## Task prompt
In the records that follow, find the line with "2020-2021学年第一学期期中考试安排"; from there, retype every line exactly through the line with "虽然未直接点名,但向太点赞了", which also belongs to the answer.

## Recorded information
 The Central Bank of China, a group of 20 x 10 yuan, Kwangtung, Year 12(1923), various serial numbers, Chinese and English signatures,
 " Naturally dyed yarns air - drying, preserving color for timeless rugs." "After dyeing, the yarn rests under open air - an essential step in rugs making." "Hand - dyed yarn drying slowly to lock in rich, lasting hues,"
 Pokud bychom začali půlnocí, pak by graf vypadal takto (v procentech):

...

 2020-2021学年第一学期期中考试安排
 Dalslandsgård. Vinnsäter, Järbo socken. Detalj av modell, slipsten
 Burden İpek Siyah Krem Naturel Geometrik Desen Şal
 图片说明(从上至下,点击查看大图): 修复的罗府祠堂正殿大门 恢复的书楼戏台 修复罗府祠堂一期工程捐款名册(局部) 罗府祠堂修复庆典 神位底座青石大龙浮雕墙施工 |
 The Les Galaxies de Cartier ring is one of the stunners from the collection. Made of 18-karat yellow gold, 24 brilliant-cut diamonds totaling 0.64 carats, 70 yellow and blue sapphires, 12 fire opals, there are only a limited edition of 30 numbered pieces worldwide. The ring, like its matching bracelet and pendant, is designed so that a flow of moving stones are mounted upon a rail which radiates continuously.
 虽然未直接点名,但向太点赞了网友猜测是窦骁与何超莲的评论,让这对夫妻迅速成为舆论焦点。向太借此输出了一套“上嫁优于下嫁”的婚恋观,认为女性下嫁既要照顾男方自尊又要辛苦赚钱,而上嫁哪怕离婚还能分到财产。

---

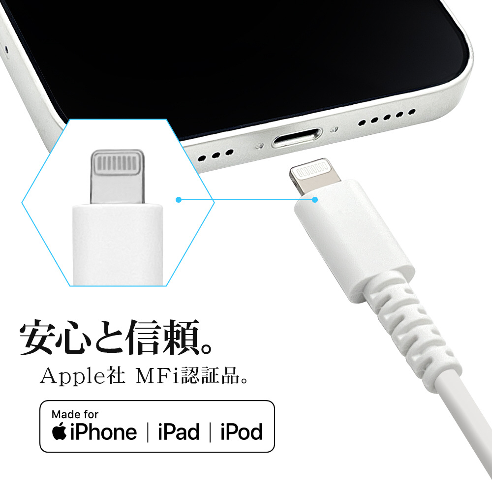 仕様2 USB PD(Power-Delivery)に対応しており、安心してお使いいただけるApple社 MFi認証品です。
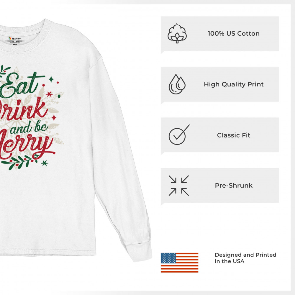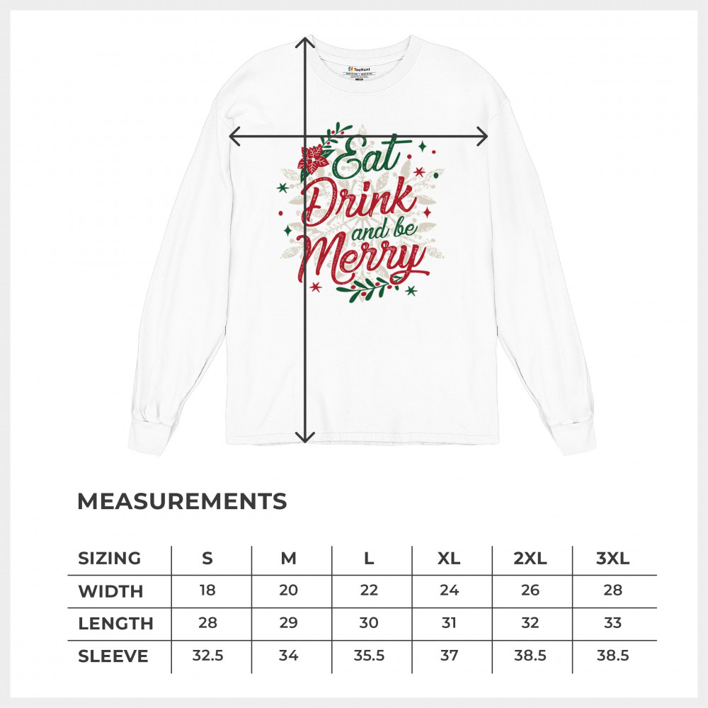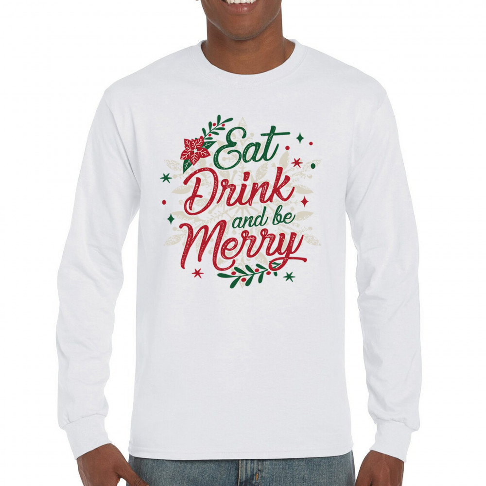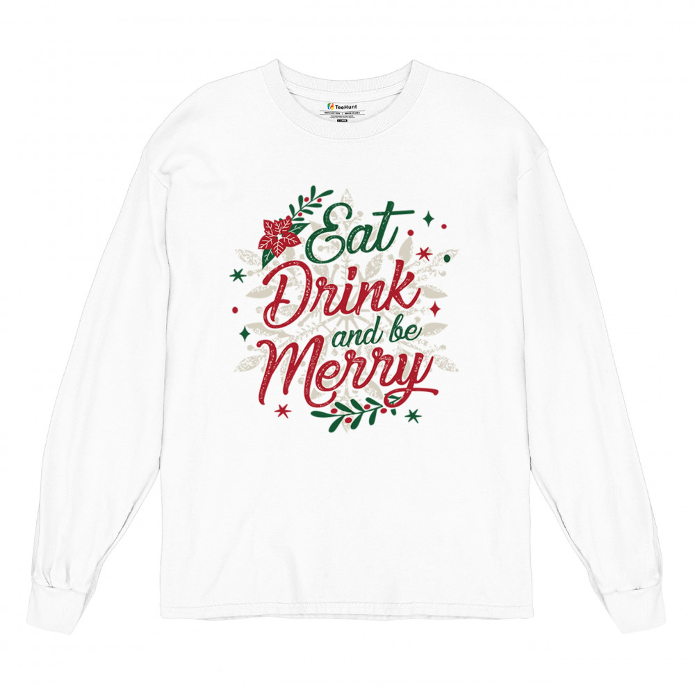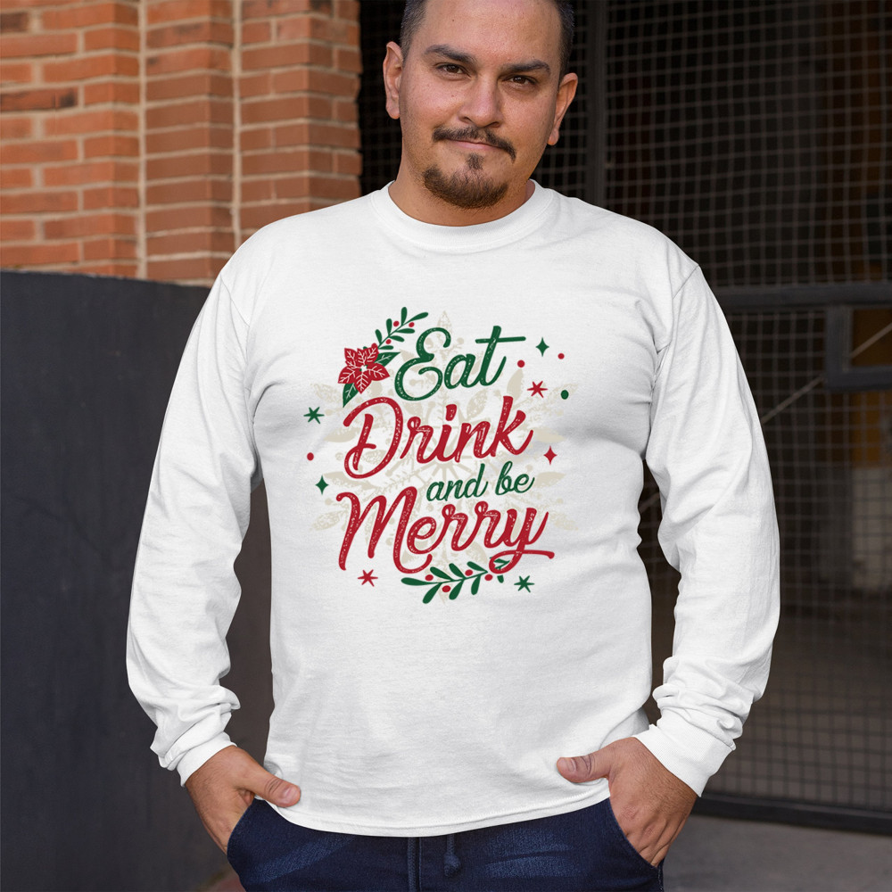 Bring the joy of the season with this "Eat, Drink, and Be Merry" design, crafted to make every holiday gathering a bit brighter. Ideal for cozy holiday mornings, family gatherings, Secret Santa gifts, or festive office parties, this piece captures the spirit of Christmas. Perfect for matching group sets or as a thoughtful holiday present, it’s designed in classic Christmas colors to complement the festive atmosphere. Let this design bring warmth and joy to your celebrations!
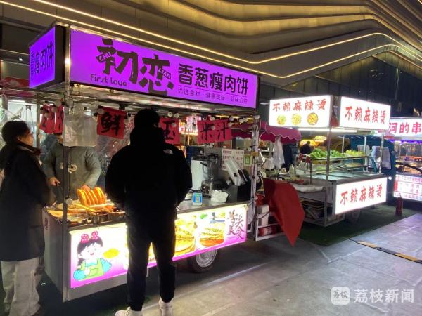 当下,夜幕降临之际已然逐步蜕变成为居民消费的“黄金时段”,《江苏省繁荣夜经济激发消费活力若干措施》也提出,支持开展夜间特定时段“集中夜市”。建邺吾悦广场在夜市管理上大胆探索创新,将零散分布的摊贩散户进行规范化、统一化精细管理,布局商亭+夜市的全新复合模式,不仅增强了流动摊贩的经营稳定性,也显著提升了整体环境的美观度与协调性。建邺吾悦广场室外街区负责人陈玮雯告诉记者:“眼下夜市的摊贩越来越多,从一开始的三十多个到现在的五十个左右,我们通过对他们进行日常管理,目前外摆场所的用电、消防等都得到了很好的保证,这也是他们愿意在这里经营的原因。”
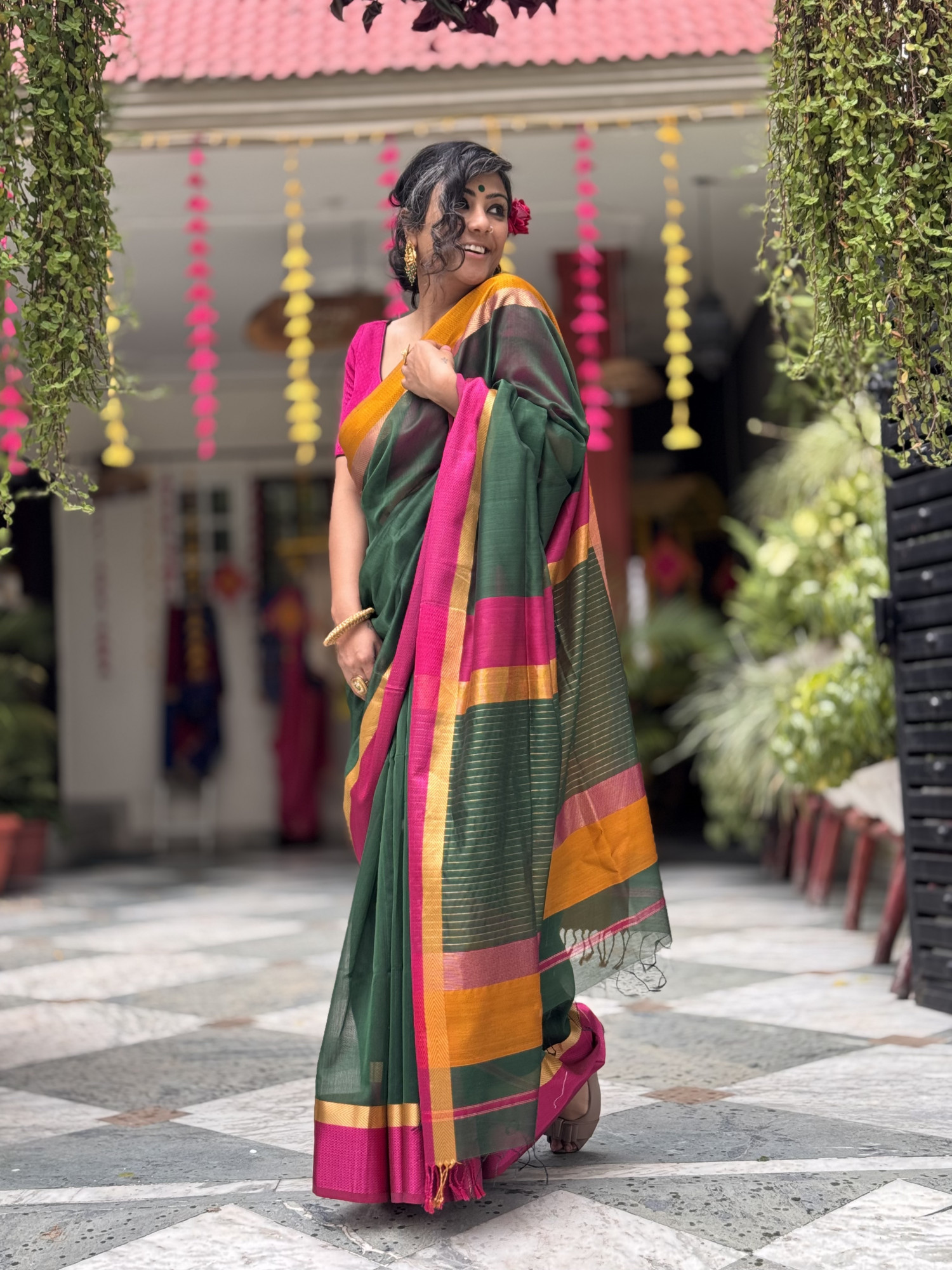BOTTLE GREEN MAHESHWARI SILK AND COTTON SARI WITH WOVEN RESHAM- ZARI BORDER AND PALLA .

## Response area
 2020-2021学年第一学期期中考试安排
 Dalslandsgård. Vinnsäter, Järbo socken. Detalj av modell, slipsten
 Burden İpek Siyah Krem Naturel Geometrik Desen Şal
 图片说明(从上至下,点击查看大图): 修复的罗府祠堂正殿大门 恢复的书楼戏台 修复罗府祠堂一期工程捐款名册(局部) 罗府祠堂修复庆典 神位底座青石大龙浮雕墙施工 |
 The Les Galaxies de Cartier ring is one of the stunners from the collection. Made of 18-karat yellow gold, 24 brilliant-cut diamonds totaling 0.64 carats, 70 yellow and blue sapphires, 12 fire opals, there are only a limited edition of 30 numbered pieces worldwide. The ring, like its matching bracelet and pendant, is designed so that a flow of moving stones are mounted upon a rail which radiates continuously.
 虽然未直接点名,但向太点赞了网友猜测是窦骁与何超莲的评论,让这对夫妻迅速成为舆论焦点。向太借此输出了一套“上嫁优于下嫁”的婚恋观,认为女性下嫁既要照顾男方自尊又要辛苦赚钱,而上嫁哪怕离婚还能分到财产。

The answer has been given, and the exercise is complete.